> **Your goal**:
The listing below should be written out word for word, with its pictures removed.

> **Data below**:
==============================
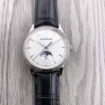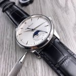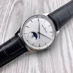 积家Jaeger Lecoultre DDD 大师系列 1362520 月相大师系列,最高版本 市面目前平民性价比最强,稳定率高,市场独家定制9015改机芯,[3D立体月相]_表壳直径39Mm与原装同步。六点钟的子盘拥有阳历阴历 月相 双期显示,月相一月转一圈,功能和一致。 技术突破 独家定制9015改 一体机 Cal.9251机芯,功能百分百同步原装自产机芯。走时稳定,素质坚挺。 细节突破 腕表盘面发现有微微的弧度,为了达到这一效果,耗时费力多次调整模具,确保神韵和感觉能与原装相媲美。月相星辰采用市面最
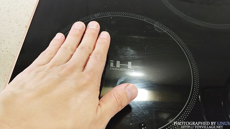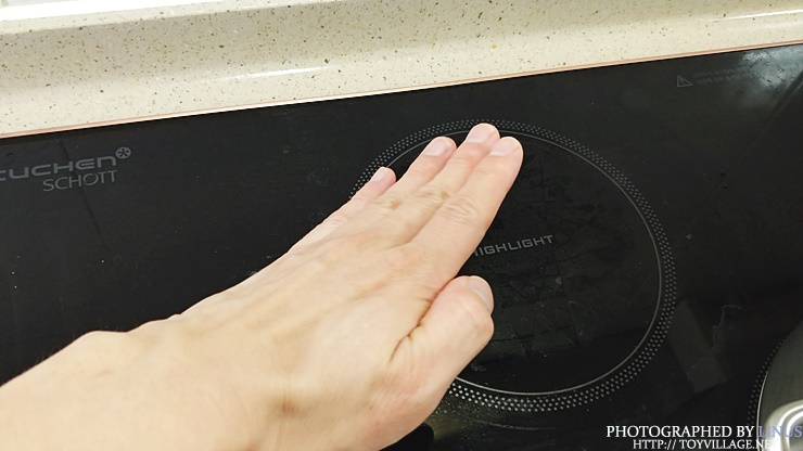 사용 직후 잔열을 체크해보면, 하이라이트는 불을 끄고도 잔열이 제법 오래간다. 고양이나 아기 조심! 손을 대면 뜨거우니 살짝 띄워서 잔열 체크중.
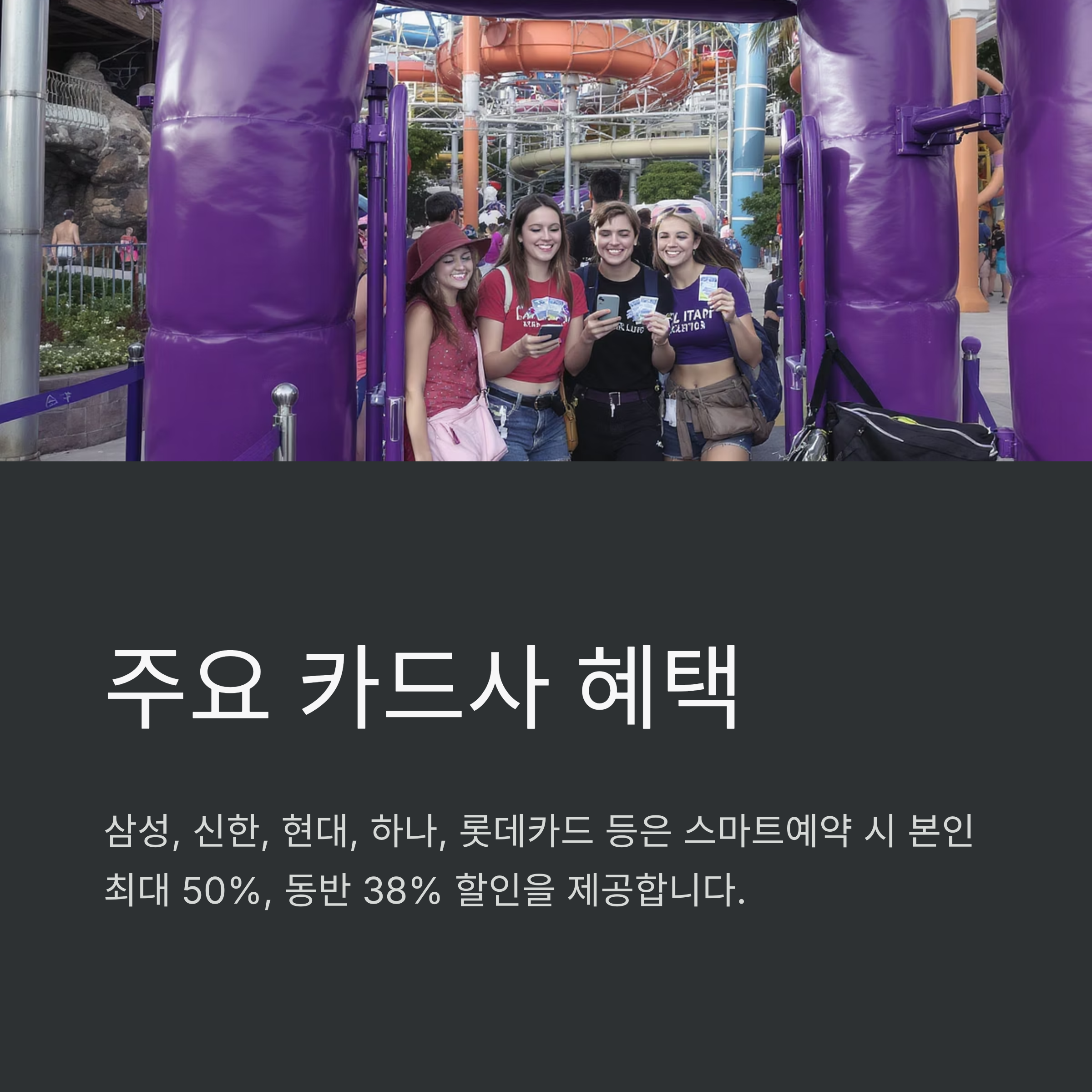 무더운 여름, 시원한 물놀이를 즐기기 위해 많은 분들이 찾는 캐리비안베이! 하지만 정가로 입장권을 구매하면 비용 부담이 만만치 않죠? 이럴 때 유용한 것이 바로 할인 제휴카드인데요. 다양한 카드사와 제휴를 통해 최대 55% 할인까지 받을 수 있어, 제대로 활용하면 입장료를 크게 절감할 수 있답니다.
==============================
> **Written reply**:
 积家Jaeger Lecoultre DDD 大师系列 1362520 月相大师系列,最高版本 市面目前平民性价比最强,稳定率高,市场独家定制9015改机芯,[3D立体月相]_表壳直径39Mm与原装同步。六点钟的子盘拥有阳历阴历 月相 双期显示,月相一月转一圈,功能和一致。 技术突破 独家定制9015改 一体机 Cal.9251机芯,功能百分百同步原装自产机芯。走时稳定,素质坚挺。 细节突破 腕表盘面发现有微微的弧度,为了达到这一效果,耗时费力多次调整模具,确保神韵和感觉能与原装相媲美。月相星辰采用市面最
 사용 직후 잔열을 체크해보면, 하이라이트는 불을 끄고도 잔열이 제법 오래간다. 고양이나 아기 조심! 손을 대면 뜨거우니 살짝 띄워서 잔열 체크중.
 무더운 여름, 시원한 물놀이를 즐기기 위해 많은 분들이 찾는 캐리비안베이! 하지만 정가로 입장권을 구매하면 비용 부담이 만만치 않죠? 이럴 때 유용한 것이 바로 할인 제휴카드인데요. 다양한 카드사와 제휴를 통해 최대 55% 할인까지 받을 수 있어, 제대로 활용하면 입장료를 크게 절감할 수 있답니다.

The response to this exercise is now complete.